WASHINGTON – U.S. Senators Barbara A. Mikulski (D-Md.) and John Cornyn (R-Texas) today announced Senate passage of their bill to rename legislation championed by Senator Kay Bailey Hutchison (R-Texas) to allow working spouses and homemakers to contribute the same amount to their IRA savings as the 'Kay Bailey Hutchison Spousal IRA.' Senator Hutchison spearheaded the effort after she was sworn-in to the Senate in 1993 with the support of Senator Mikulski, and saw the legislation signed into law as part of the Small Business Job Protection Act of 1996.  

"It's fitting that we recognize Senator Hutchison for her long-standing and steadfast advocacy for women," Senator Mikulski said. "Her commitment to this legislation and to the women of America reflects the values of our nation. It rewards good parenting and families and recognizes that not all work is done in the marketplace. Moms and dads who are struggling to do the right thing for their family shouldn't be penalized for staying at home. By amending this provision in our tax code, women and families across America will know that they're benefitting from the Kay Bailey Hutchison Spousal IRA."  

"I'm pleased to support this legislation to honor Senator Hutchison for her important efforts to help moms and dads who work full-time caring for their children at home plan for their future," Senator Cornyn said. "As she retires from the Senate, Sen. Hutchison will be remembered for this and countless other contributions that have improved the lives of working Texans and Americans across the country."  

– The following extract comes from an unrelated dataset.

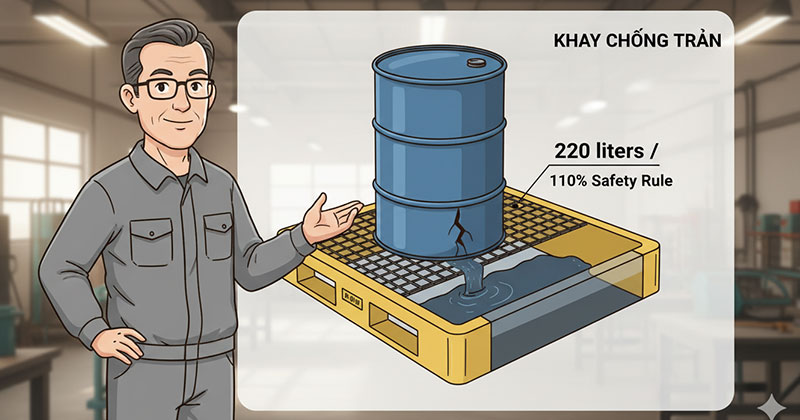 Tiêu chuẩn khay chống tràn hóa chất là gì? Phân tích đầy đủ quy tắc 110%, EPA 40 CFR 264.175, OSHA 29 CFR 1910.106, QCVN Việt Nam, bảng chọn vật liệu khay theo hóa chất và hướng dẫn lắp đặt đúng chuẩn.
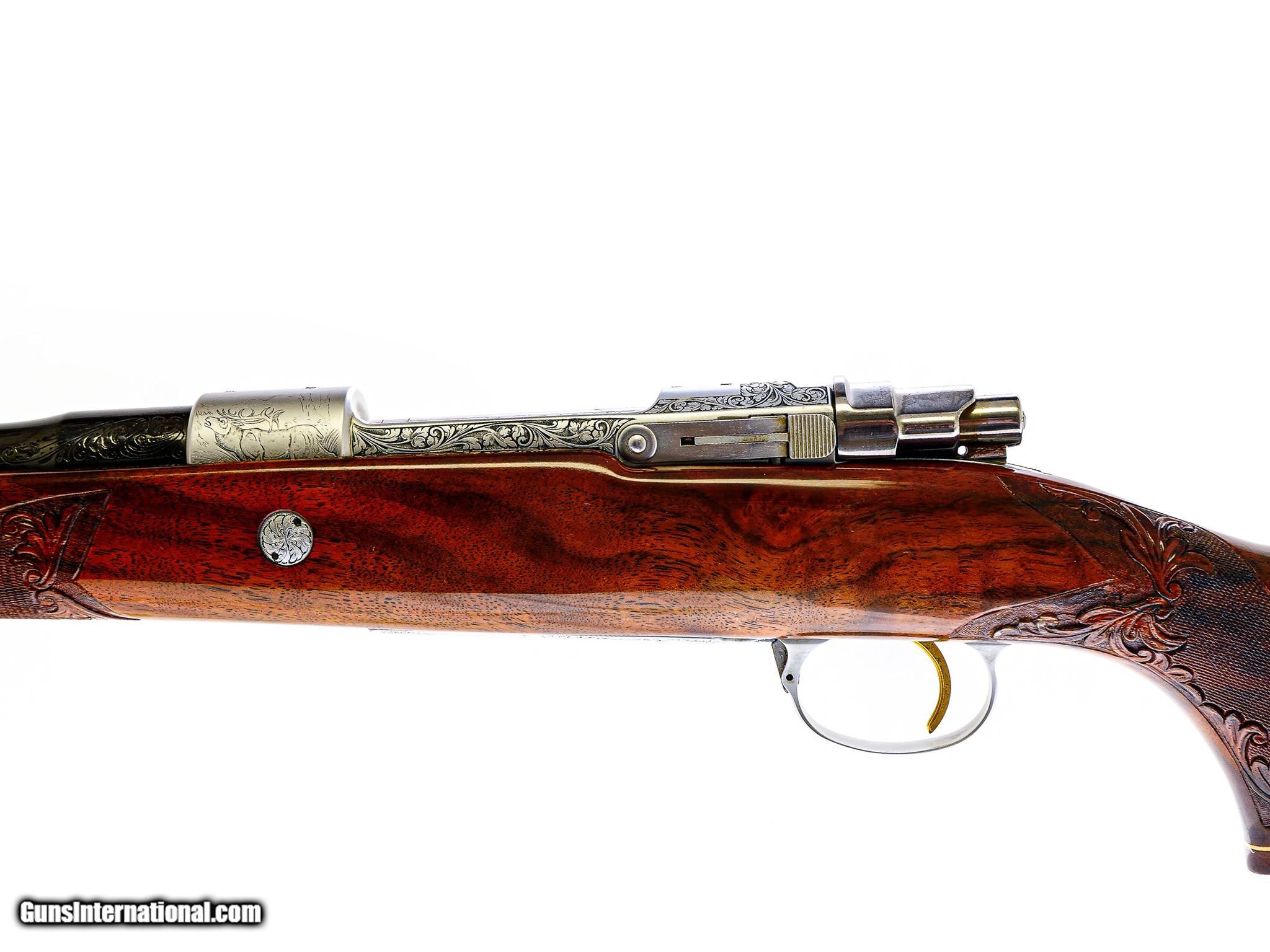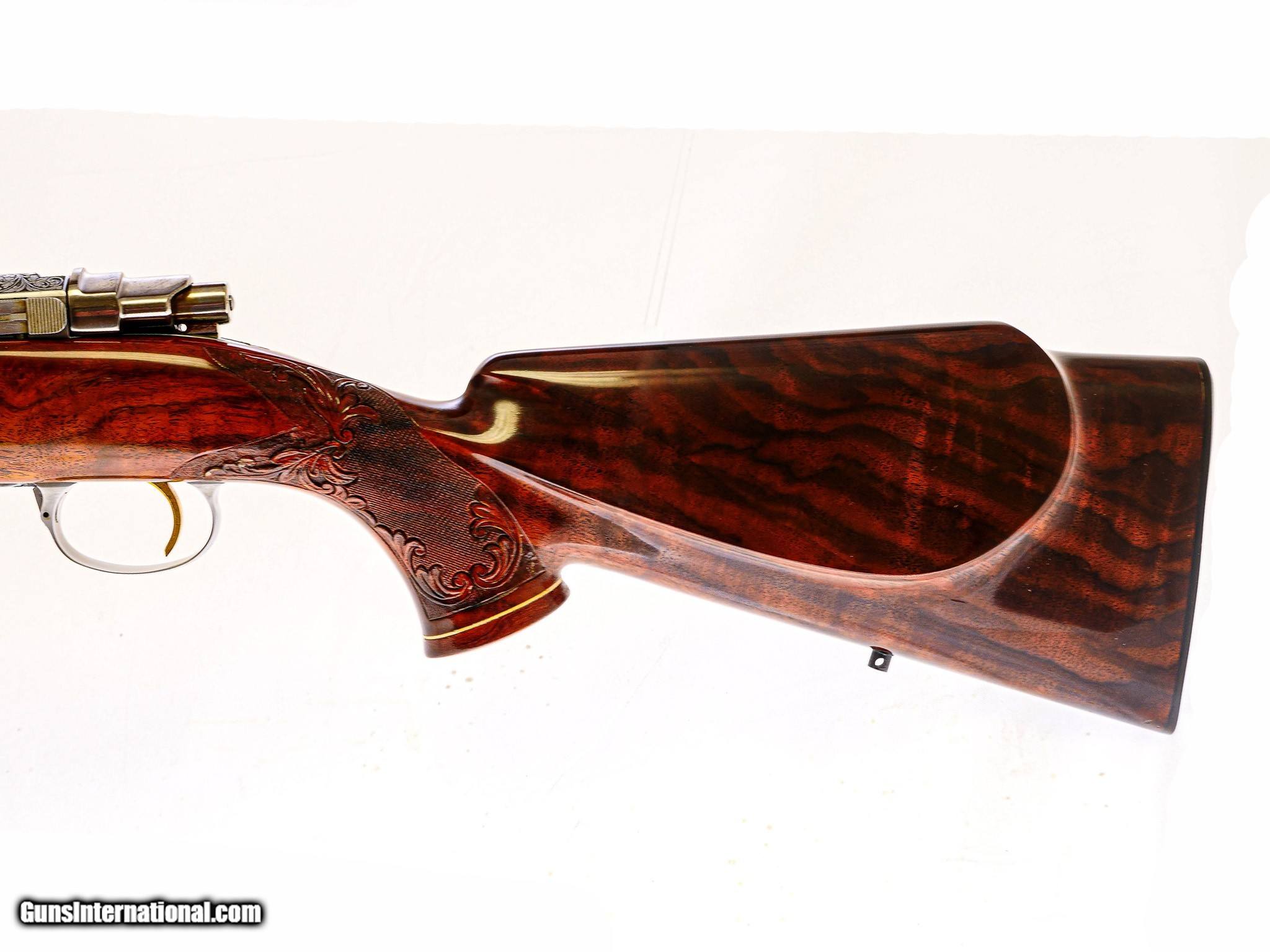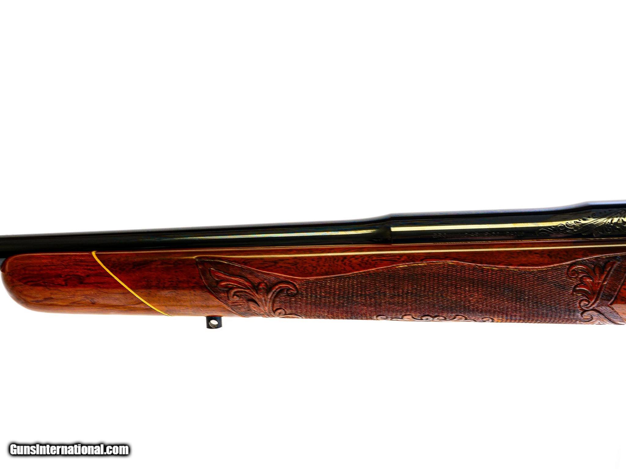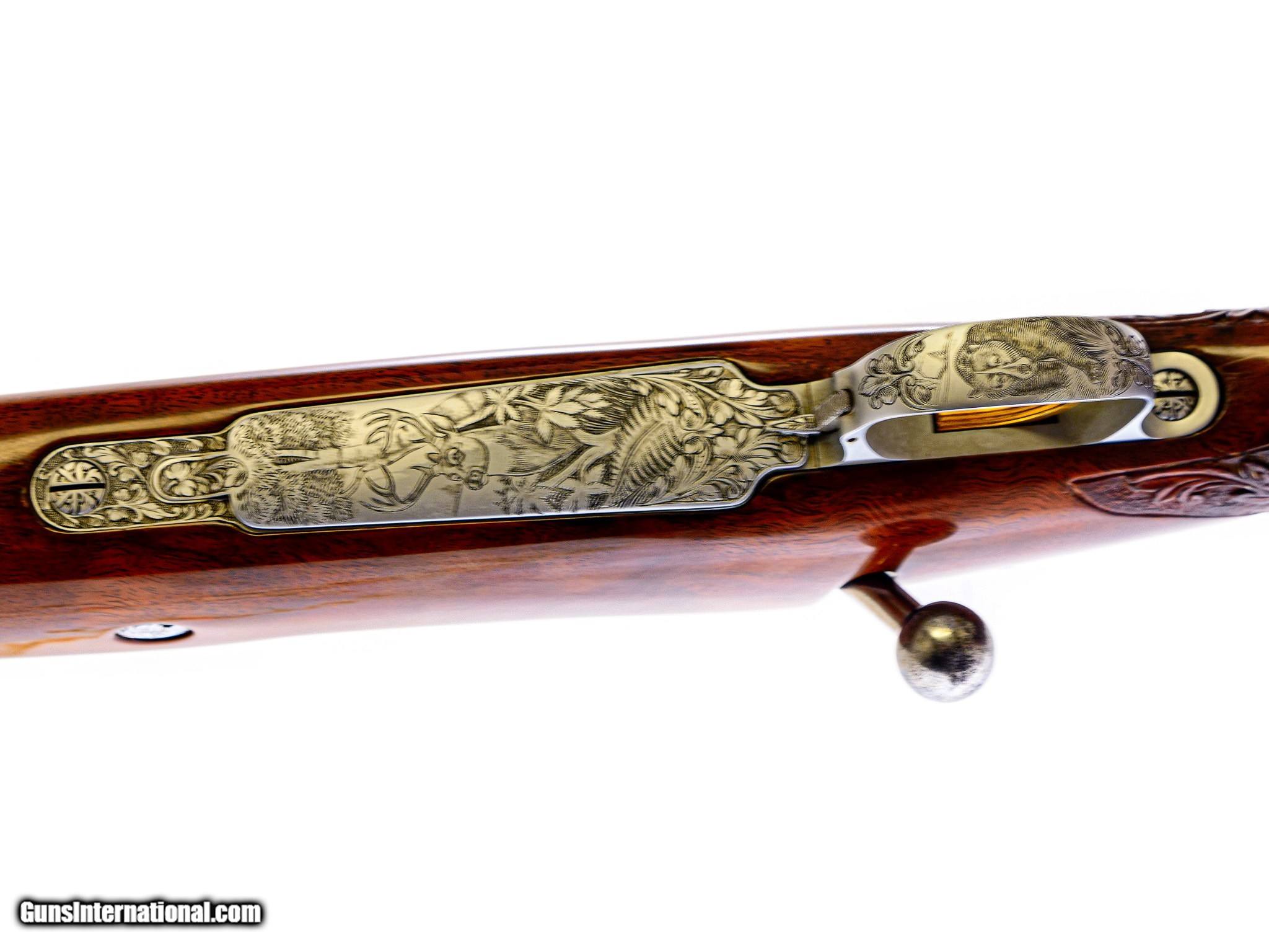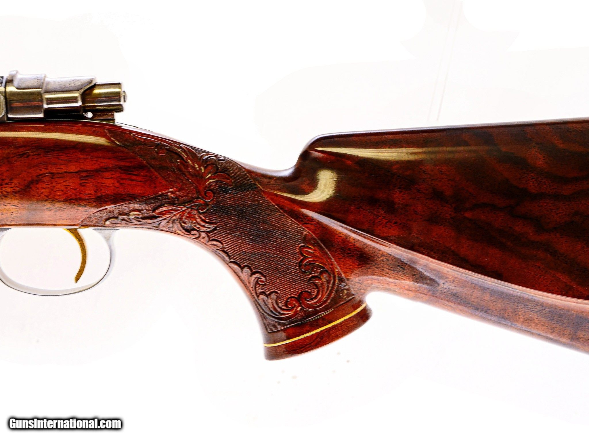 Description: Browning - Olympian, Made In Belgium, .30-06 Springfield. 22" Barrel. Made in 1961, 22" round barrel, butt plate, 100% perfect carving and checkering, as well as engraving of elk, white tail deer, surrounded by scroll. Engraved by L. Lambert and Legiers. Gun is brand new. 100% everything, rare and just an overall outstanding gun. Inv: 66557 $13,995.00 SOLD |

Congress created the Spousal IRA in 1996. This legislation levels the playing field by allowing spouses who are non-wage earners to make equal, fully deductible contributions to individual retirement accounts. Women have traditionally been at a disadvantage in saving for retirement because they spend time in and out of the workforce. Currently, contributions of up to $5,000 for each spouse are allowed if the couple's wages or self-employment earnings are $10,000 or more.